A novidade — que já não é mais tão nova para usuários nos Estados Unidos — chegou ao Brasil um pouco atrasada, porque foi inicialmente barrada pela ANPD (Autoridade Nacional de Proteção de Dados) por não cumprir requisitos básicos de tratamento de dados. A empresa não havia pedido autorização aos usuários brasileiros para utilizar informações pessoais a fim de desenvolver a ferramenta.

A Meta só foi autorizada a implementar o recurso no final de agosto, depois de se comprometer a agir de forma mais transparente.

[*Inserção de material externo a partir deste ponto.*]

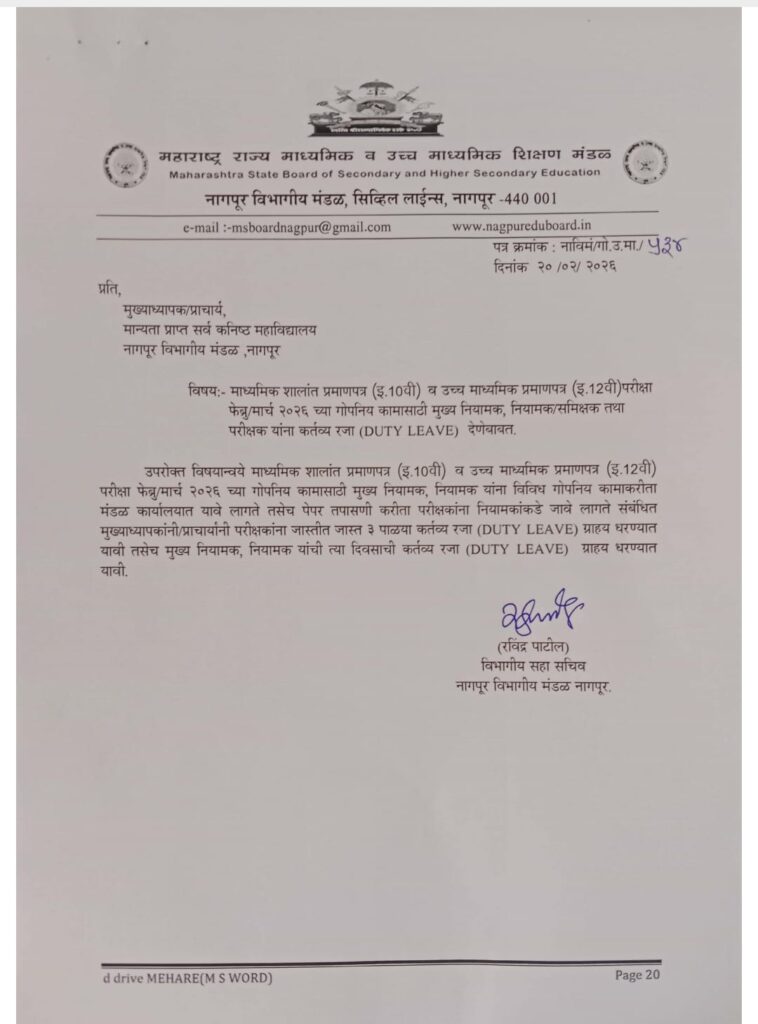 माध्यमिक शालांत प्रमाणपत्र (इ.10 वी) व उच्च मार्थ्यामक प्रमाणपत्र (इ.12वी) परीक्षा फेब्रु/मार्च २०२६ च्या गोपनिय कामासाठी मुख्य नियामक, नियामक समिक्षक तथा परीक्षक यांना कर्तव्य रजा (DUTY LEAVE) देणेबाबत..…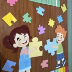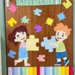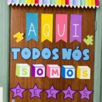 Um painel de porta lindo e significativo para trabalhar acolhimento, pertencimento e respeito: “Aqui todos nós somos peças importantes!” com tema quebra-cabeça, lápis coloridos

A empresa então enviou avisos a usuários de suas plataformas — Instagram, Facebook e WhatsApp — e ofereceu a oportunidade de se opor ao uso de seus dados para o treinamento do modelo de IA generativa.

Aqueles que aceitaram os termos da empresa agora podem interagir com a ferramenta no WhatsApp em chats ou na barra de busca, que passou a ser integrada à internet. É possível fazer perguntas, pedir dicas e até gerar imagens e figurinhas com o uso da IA.

Mas nem todos estão satisfeitos com essas novas funcionalidades — seja pelas informações imprecisas e até delirantes geradas pela ferramenta, seja por preocupações com a privacidade. O problema é que o caminho parece não ter volta, já que não há nas configurações do WhatsApp uma forma de desativar o recurso.

Nesse caso, a recomendação do Idec (Instituto Brasileiro de Defesa do Consumidor) é revogar a autorização de uso de dados. Para isso, é preciso preencher um formulário com informações sobre a sua conta no WhatsApp (email e telefone cadastrados). A plataforma então enviará um email confirmando a solicitação.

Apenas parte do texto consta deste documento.